The greatest benefit with SMS is also its greatest weakness. The reason it has become a 2FA default is that we all have access to a cell phone and an SMS messenger. There’s no need to run a separate authenticator app to produce one-time codes, there’s no need to carry around digital keys, it works across all apps and platforms and doesn’t rely on any specific ecosystem.
But, behind the façade, the SMS system over which those codes are being sent is wide open. An archaic network that runs across mobile networks worldwide, where there’s no end-to-end encryption, where you have no way to know over which networks your message travels in open-text form between sender and recipient. Last year, the FBI warned that 2FA had inherent weaknesses, advising us to opt for biometrics—exactly what you have with the Apple and Google approach.
Security researcher Sean Wright describes SMS 2FA as “better than nothing”. And that’s a common perception in the security industry. “It has known flaws,” he says, “which have been successfully exploited. It’s served its purpose we should now move onto newer and better solutions. It would also save firms money to replace SMS, as they’d no longer have to pay to send messages.”
Social engineering attacks are increasing, seeking to steal codes from unsuspecting users to hijack WhatsApp accounts or payment credentials. It’s time for a new approach. We need a widening of the Apple/Google approach, 2FA authentication built into our devices, protected by biometrics, presenting system prompts and on-device options to keep our devices secure.
Such a system needs to be openly accessible to service providers, in the way many banking apps rely on multi-device apps to use biometrics to authorize logins. But the providers themselves need to be encouraged away from SMS to such schemes. It’s not enough to offer authenticator apps or digital keys as alternatives—that’s unrealistic for the vast majority of the user base.
According to ESET’s Jake Moore, “text messages are better than no second layer of security. Getting people behind the idea of two factor authentication is a tough task in itself, so I can see why some organizations start mildly and offer an SMS concept which people are used to. However, I think it’s better to future proof in the long run to go straight into recommending an authenticator app to bolster account security and defend them from the simplest of attacks.”

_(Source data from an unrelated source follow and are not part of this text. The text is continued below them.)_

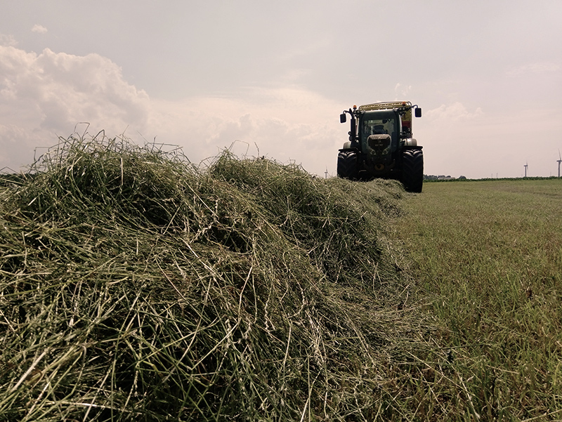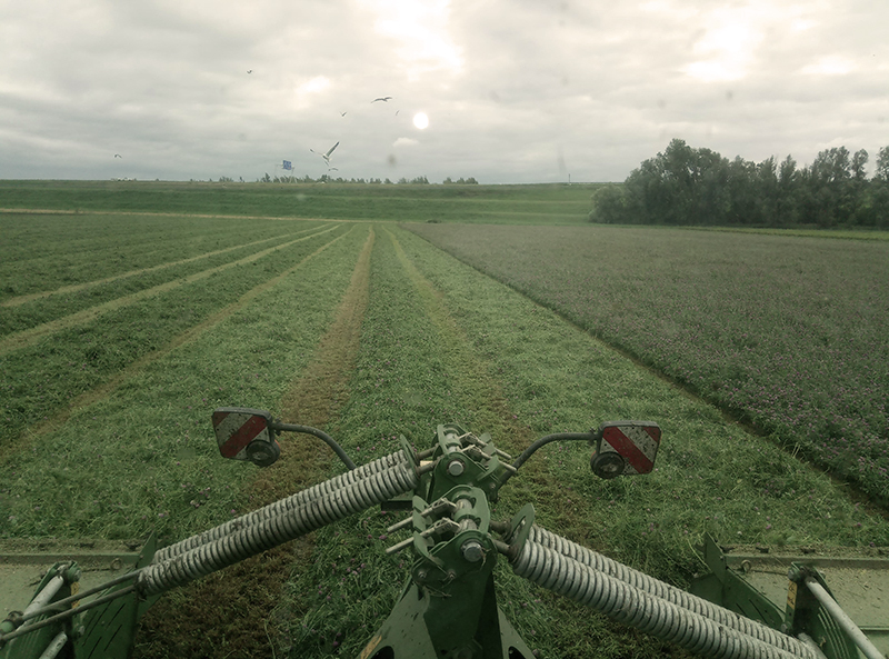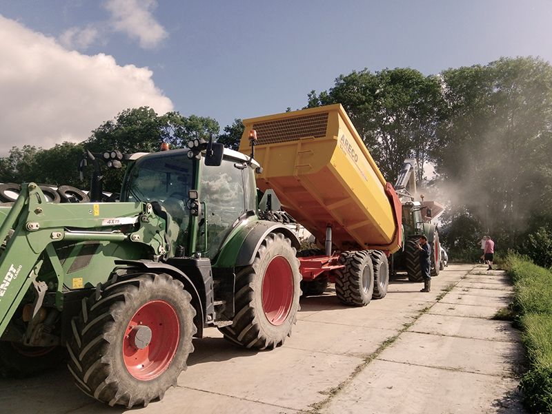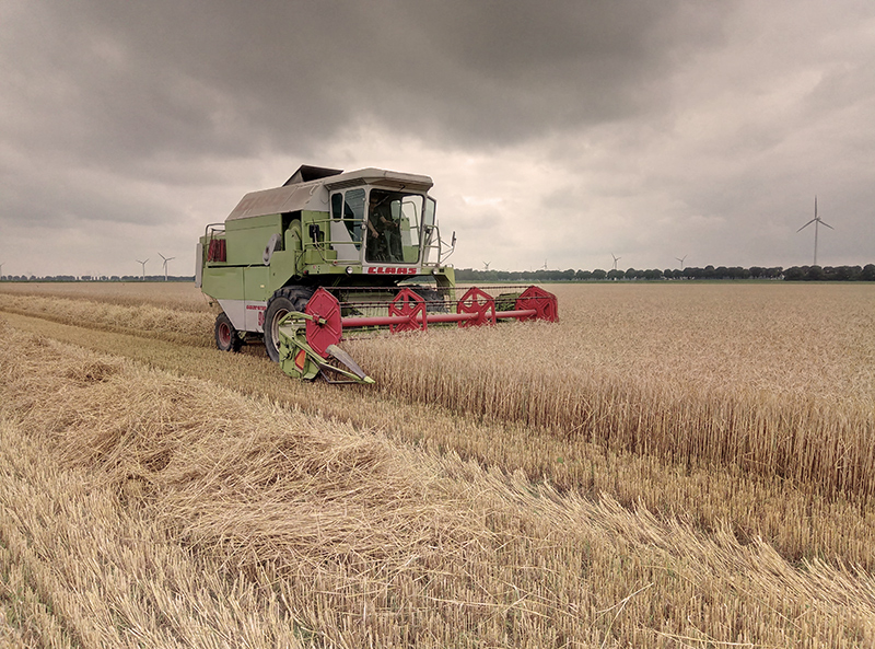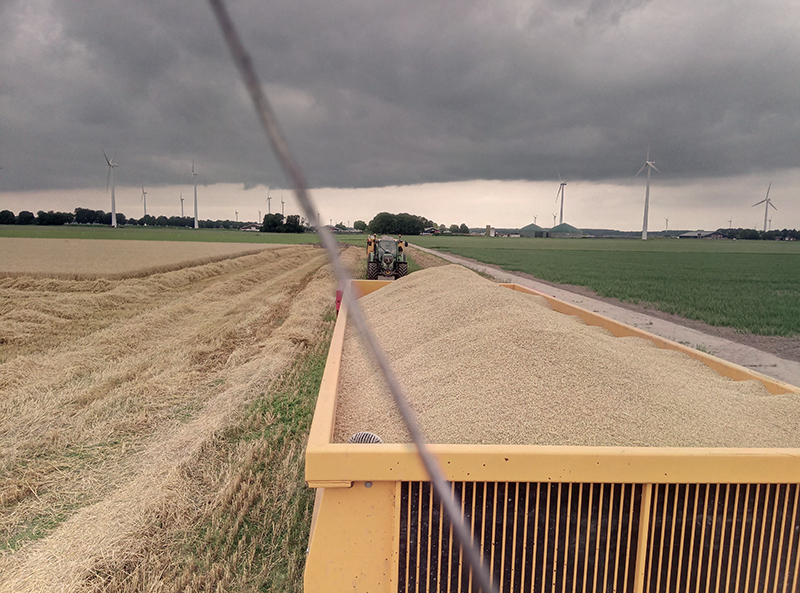 Van graan op het land, tot geplette korrels gerst/tarwe in de slurf en stro voor in de boxen.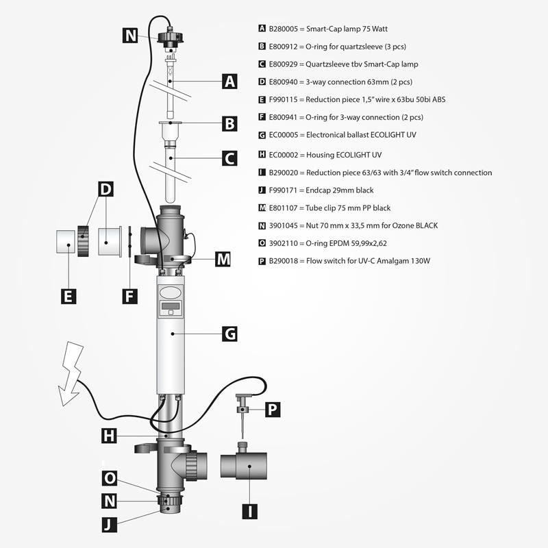 PoolKungen UV Ecolight UV-C V2 Art nr 10400036 Moms ingår med PoolKungens egenutvecklade UV-rening. Ecolight UV-C eliminerar bakterier och microorganismer vilket gör att du minskar klorbehovet i poolen med upp till 80% – oavsett om du har klor eller saltvatten Läs mer Kampanj! Lägg i varukorgen Finns i webblager. Leveranstid . Beställningsvara. Leveranstid . UV Ecolight UV-C V2 Till toppen Produktinformation UV Ecolight UV-C V2 – renare poolvatten med mindre kemikalier UV Ecolight UV-C V2 är den senaste generationens UV-renare för pool, framtagen för att ge ett effektivt, miljövänligt och underhållssnålt badvatten. Tack vare det robusta höljet i rostfritt stål och den integrerade timern är denna modell ett smart val för både nya och befintliga pooler – oavsett om du har klor eller saltvatten. Med UV Ecolight UV-C V2 får du inte bara renare vatten – du minskar också behovet av klor och andra kemikalier med upp till 80 %, vilket ger en skonsammare och mer hållbar poolmiljö för hela familjen. Fördelar med UV Ecolight UV-C V2: Kristallklart vatten: UV-ljus eliminerar bakterier, virus och alger effektivt Mindre kemikalier: Minskar behovet av klor och kemikalier med upp till 80% Bättre vattenkvalitet: Bidrar till klarare vatten med vacker lyster Lägre kostnader: Mindre kemikalier och färre beläggningar betyder lägre driftkostnader Rostfritt stålhölje: Tåligt och korrosionsbeständigt, passar även saltvattenpooler Integrerad timer: Visar när det är dags att byta UV-lampan för bibehållen effekt Högre UV-effekt: Upp till 35 % bättre effekt tack vare reflekterande insida Enkel installation: Flera monteringsmöjligheter och flexibla anslutningar Teknisk specifikation: Effekt: 75 W Rekommenderat flöde: 16 m³/h UV-prestanda: 30 mJ/cm² vid rekommenderat flöde Maximalt flöde: 23 m³/h Maximalt arbetstryck: 2 bar Till toppen Dokument Montering av Ecolight Del 1 Montering av Ecolight Del 2 Ecolight Sprängskiss med Art nr Till toppen Rekommenderade tillbehör PoolKungen Utbyteslampa Ecolight - Reservdel A Ecolight UV-C utbyteslampa som minskar klorbehovet med upp till 80%. 1 950 SEK Lägg i varukorgen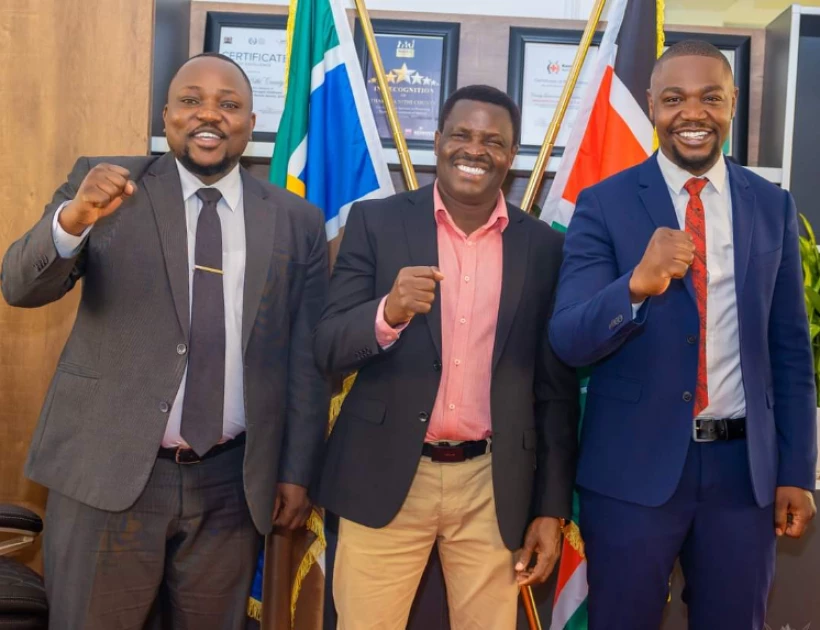 Tharaka Nithi Governor Muthomi Njuki (Centre) is flanked by KMPDU leaders, Deputy Secretary General Dr. Dennis Miskellah (Left) and Secretary General Dr. Davji Atellah (Right) after a past meeting. PHOTO | COURTESY

The challenge of course is that this makes 2FA much more complex and risks non-compliance. Nicola Whiting, Chief Strategy Officer at Titania, advocates for the built-in approach. “Fully automated OTPs, standardized across multiple browsers, providers and platforms have the potential to provide users with higher protection… That OTPs have an almost ‘zero effort’ adoption cost, will be key to widespread adoption and for transformational security benefits to be achieved.”
Until then, while there may be many reasons you should stop using SMS passcodes, there’s unfortunately a much bigger reason to keep doing so. If this is the best 2FA option we have right now, the one you’re most likely to use, then you should keep using it. It’s for the industry to fix this issue, not for you.
“We often miss the mark in security,” Lisa Forte, partner at Red Goat Cyber Security, says. “Security is a journey. So, for someone who has used ‘Summer1’ as their only password for years, enabling SMS 2FA is huge progress. Is it a perfect solution? Definitely not. Not even close. But it is progress and that person is now harder to attack than they were. This is a journey with no end point. Attacks evolve and so must we. Look for progress and not perfection.”
So, yes, you should stop using SMS security codes for two-step verification—but, unfortunately, you can’t.